§ **Problem statement**
Take the lines from the one containing "Previsão do tempo" through the end of the material and write them out exactly, omitting pictures.

§ **Provided material**
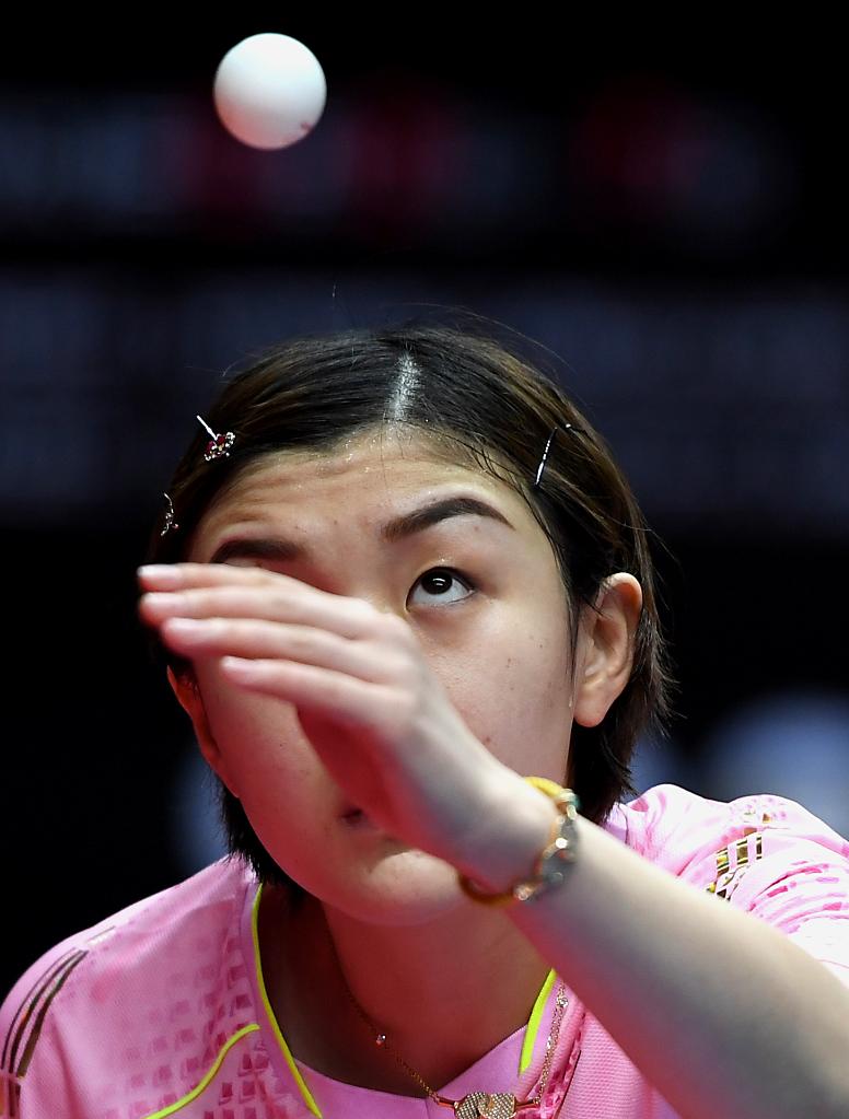5月6日,朱雨玲在比赛中回球。
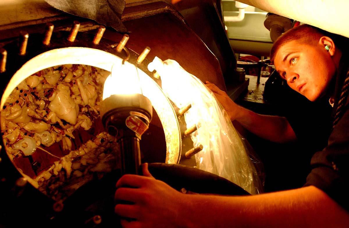 Нет, это не коптильня для морепродуктов. Это 3-й конденсатор ядерного реактора авианосца "Рональд Рейган" после четырехдневной стоянки в порту Вальпараисо, забитый сотнями кальмаров. https://afirsov.livejournal.com/654478.html?view=comments#comments
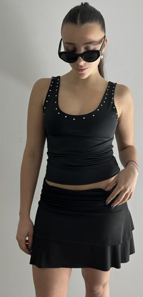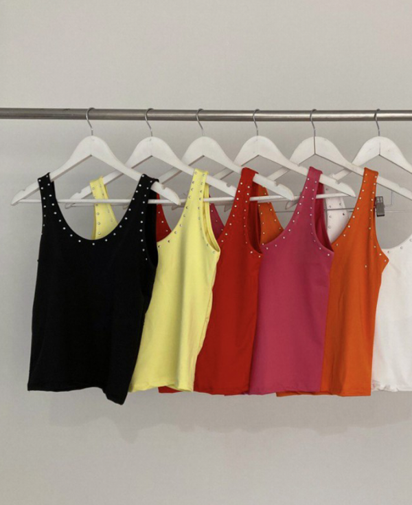 Musculosa de microfibra con tachas en cuello y sisas
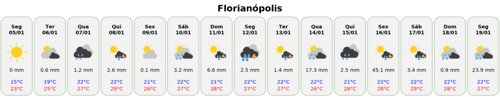 Previsão do tempo em Florianópolis de 5 a 19 de janeiro
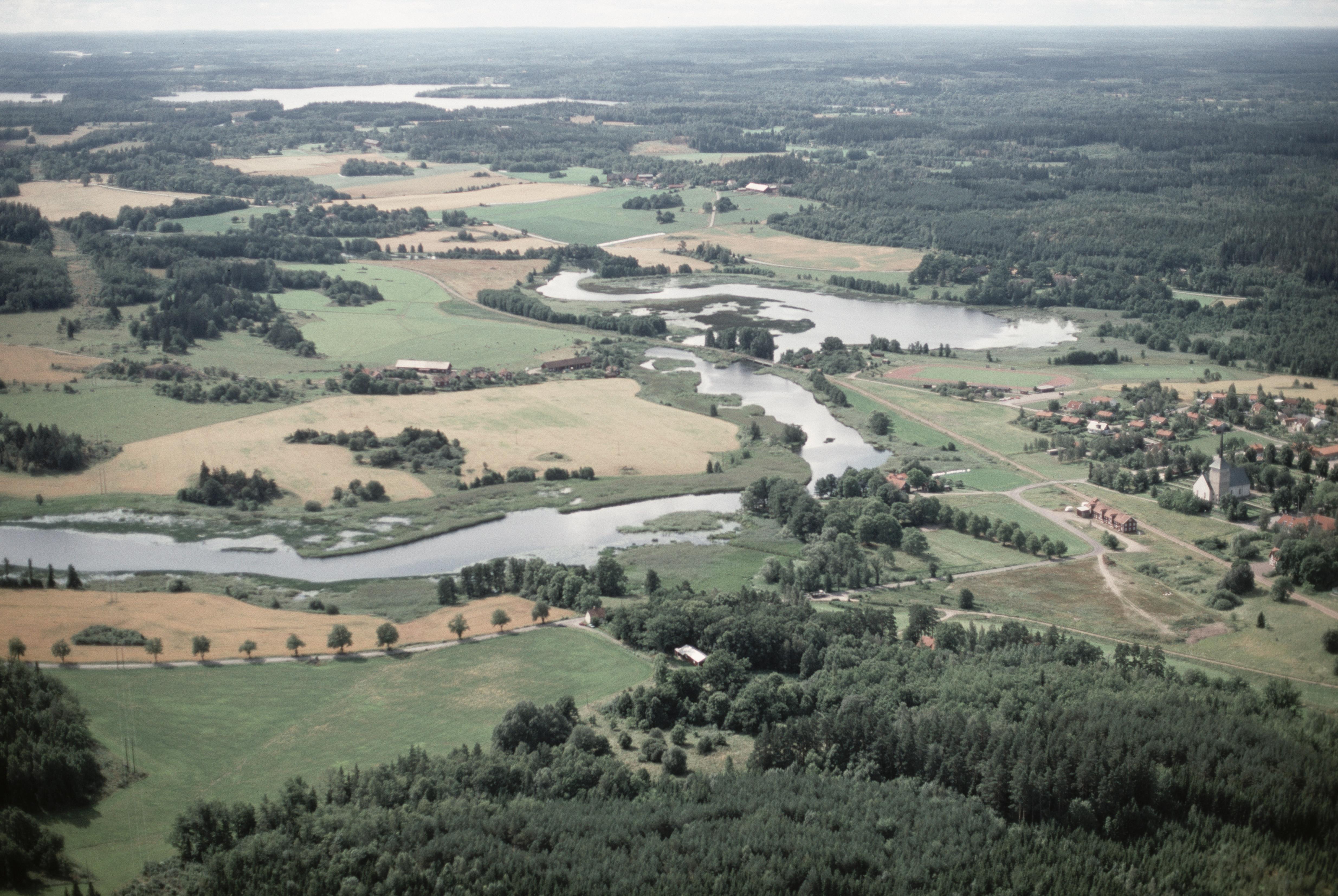 Beskrivning: Stångån / Kinda kanal vid tätorten Vist, söder om tätorten Sturefors. Vists kyrka till höger. Bilden är tagen mot (väderstreck): S

§ **Expected answer**
 Previsão do tempo em Florianópolis de 5 a 19 de janeiro
 Beskrivning: Stångån / Kinda kanal vid tätorten Vist, söder om tätorten Sturefors. Vists kyrka till höger. Bilden är tagen mot (väderstreck): S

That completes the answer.